Yesterday, January 11, 2011, Cleve Foster received a last minute stay of execution from the U.S. Supreme Court. By around 6:15 pm Tuesday, more than 60 people had gathered at the Texas Capitol to protest the scheduled execution when the news of a stay of execution came in a phone call from other protesters gathered outside The Walls Unit in Huntsville (Photos from Capitol).

On the same day, the Illinois Legislature voted to abolish the death penalty and sent the bill to the governor of Illinois.

Yesterday was also the first day of the 2011 Texas legislative session, during which a moratorium on executions will be one of the issues under consideration.

From the AP:

The U.S. Supreme Court gave a last-minute stay of execution Tuesday evening to a Desert Storm veteran and former Army recruiter convicted of raping and killing a Sudanese immigrant in Fort Worth in 2002.

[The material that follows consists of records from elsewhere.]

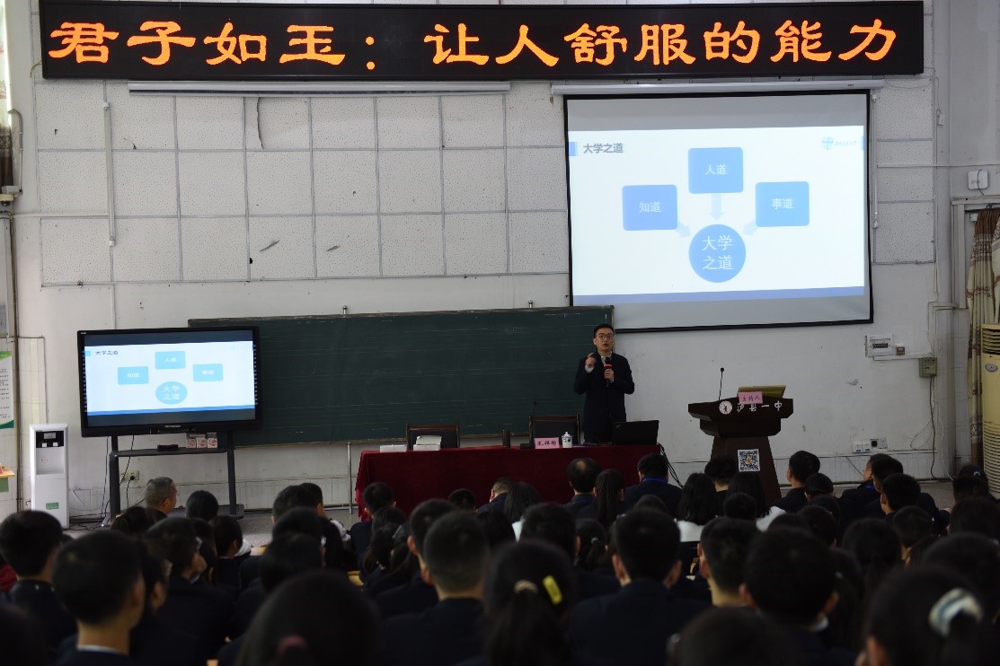 孔祥彬老师以“君子如玉:让人舒服的能力”为题进行专题讲座。他首先回顾了自己在泸县一中求学的经历,向培育自己的母校表示衷心感谢。接下来,他以《礼记·聘义》为引子,介绍了君子比德与玉的典故,并从“仁、义、礼、智、信”和“温、良、恭、俭、让”十个方面来阐释如何在日常学习、生活中扬君子之风,达到让人舒服的状态。在讲解过程中,他列举了很多发生在交大师生中的案例,介绍了泥视频
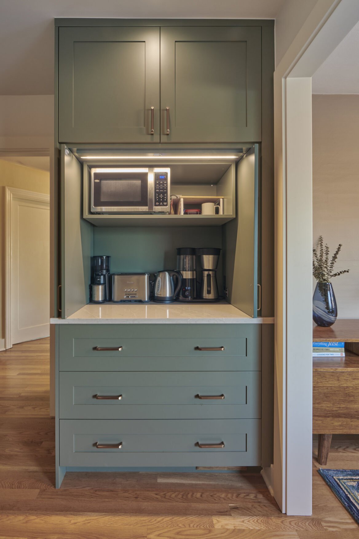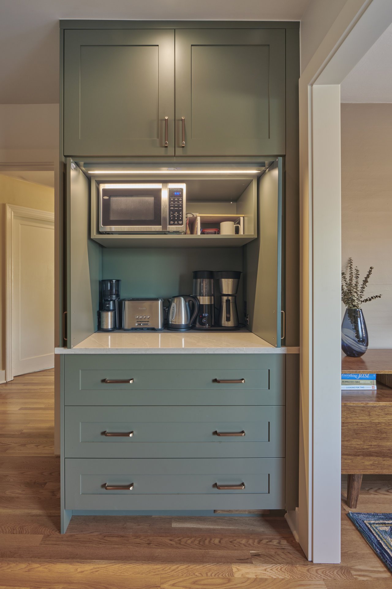 A custom hood was crafted to bring in warm wood elements that flow throughout the kitchen, adding cohesion and character. The beloved coffee bar also received an upgrade, with cabinet doors that neatly conceal appliances when not in use. Unique teal cabinetry paired with rich wood finishes breathes new life into the space, transforming it into a stylish, practical area for cooking and gathering.
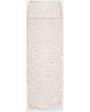 Embellished Mesh Maxi Pencil Skirt - White
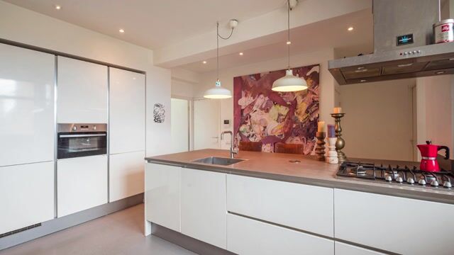 De keuken beschikt over een kookeiland, is modern, functioneel, en voorzien van inbouwapparatuur en veel bergruimte.
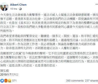記者:張仲華 香港大學法律學院教授兼基本法委員會委員陳弘毅,昨晚在示威者衝 ...
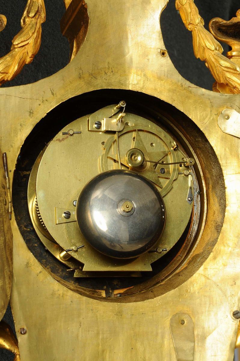 cassa in bronzo dorato e cesellato decorata con festoni e vasi, quadrante in smalto dipinto con numeri romani e arabi, lancette traforate a fantasia in metallo dorato, scappamento ad ancora con sospensione a filo di seta, suoneria ore/mezze al passaggio su campanello, altezza cm 61

Cleve Foster, 47, known as “Sarge” on Death Row, had eaten his final meal and was waiting to walk a few steps to the death chamber when the court’s brief order was received just before 6 p.m., a prison spokesman said.

The court offered no explanation for its decision or why justices other than Justice Antonin Scalia participated. Scalia can act alone on Texas execution appeals. But he can also ask other justices to vote on whether to hear an appeal.

The order indicated that Scalia and Justice Samuel Alito dissented from the majority vote and would have allowed the execution to proceed.

When prison officials asked Foster whether he was surprised to get a reprieve, he said, “I was and I wasn’t. I gave it to God a long time ago.”

He also said he was gratified by support from friends, calling it “really humbling.”
Foster’s execution would have been the first this year in Texas.

Foster has always maintained that his co-defendant, Sheldon Ward, was responsible for fatally shooting 30-year-old Nyaneur “Mary” Pal on Feb. 13, 2002.

Ward, one of Foster’s Army recruits, was also condemned for the slaying. He died of cancer last year in prison.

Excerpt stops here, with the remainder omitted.